Malcolm Harripaul AA, in his letter, “Development must start with the NDCs funded with oil money,” dated Mar 15, 2022, notes that “For the past 2 years, 2020 to 2022, Vice President Bharrat Jagdeo and President Irfaan Ali have been expressing dreams using Oil $$$ to make Guyana another Dubai. They dream of skyscraper hotels, casinos, luxury resorts, and mega projects springing up around Georgetown and on the East Coast of Demerara.” However, even in the face of his optimism, he rightfully questions the state of the “… the remainder of rural Guyana, where the NDCs are supposed to govern, but lack resources to do so, resulting in all the villages being eyesore garbage dumps.” He is so right. In Guyana, nothing has really changed, and I have no faith in the future; the culture is well-set.

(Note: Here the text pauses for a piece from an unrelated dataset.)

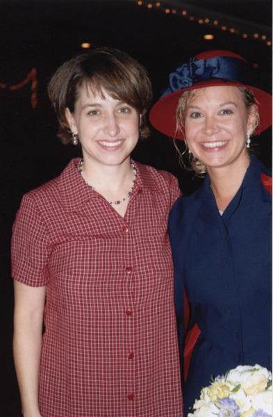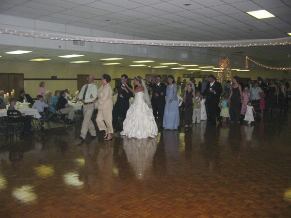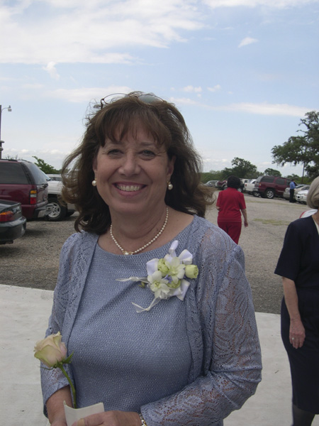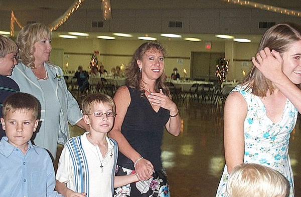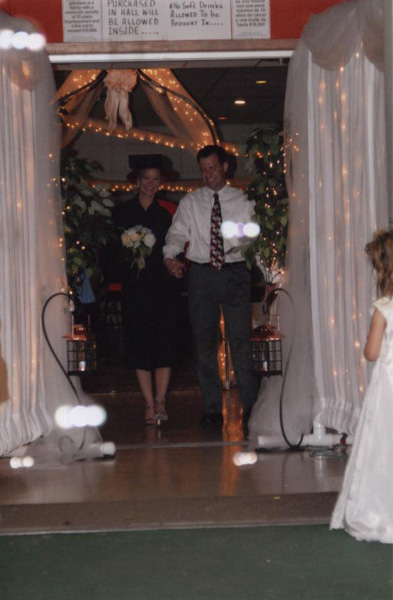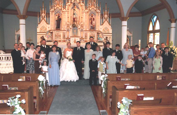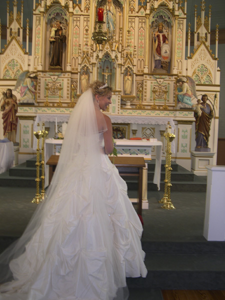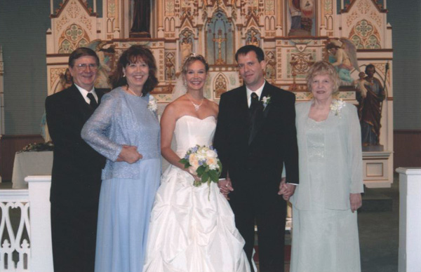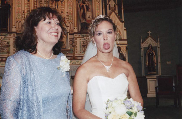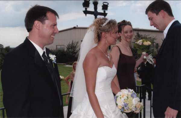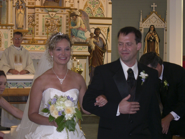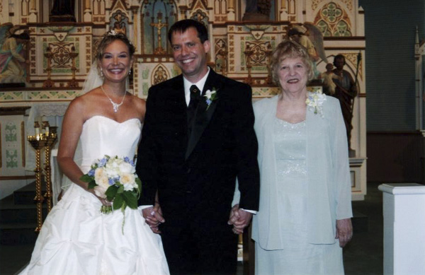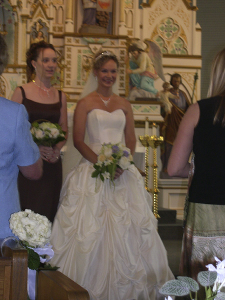 | Sister of the bride (Matron of honor), Sheri, poses with Paula before the ceremony. Paul waits with his groomsmen in the church hall next door. | Mother of the bride, Sharon Kuehn, escorted by the two brothers of the bride, Bruce (left) and Jeff (right) |

Harripaul highlights Region Three, and cites the West Coast Demerara public road that is littered with wayside “workshops” where trucks and other vehicles are parked on the parapets, shoulders, and even on the drive lanes. . He adds that “At Anna Catherina, used engines are displayed on the shoulder and drive lane. In one street in Anna Catherina, one “workshop” has strewn the parapets with scrap iron. (And) At Uitvlugt, there is a truck “workshop” on the roadway while at the Mandir Street, one shop usually has vehicles diagonally across the street. Sheer lawlessness is what prevails in Region Three.”

Well, my take is that Region 3 encapsulates all of Guyana. Take the East Coast, along that Better Hope to Plaisance area, and what do you get? Tyre shops, wash bays, parked trailers, on and off loading to containers, tyre servicing and a host of places and activities, either parallel, or on the actual main road. Unthinkable! Add cows, horses and donkeys on a daily bases, and that is Guyana. When, as expected, these animals get killed, they remain there. The stench has now become a part of the mix. It gets worse. Enter just about any village, and the cross streets are veritable dumping ground. The road, what are supposed to be roads, even the main access ones, are filled with pot holes, and will impede even tractors. I notice that some New York visits were made recently, and I am wondering if our leaders who went there, had roads like we have in our villages.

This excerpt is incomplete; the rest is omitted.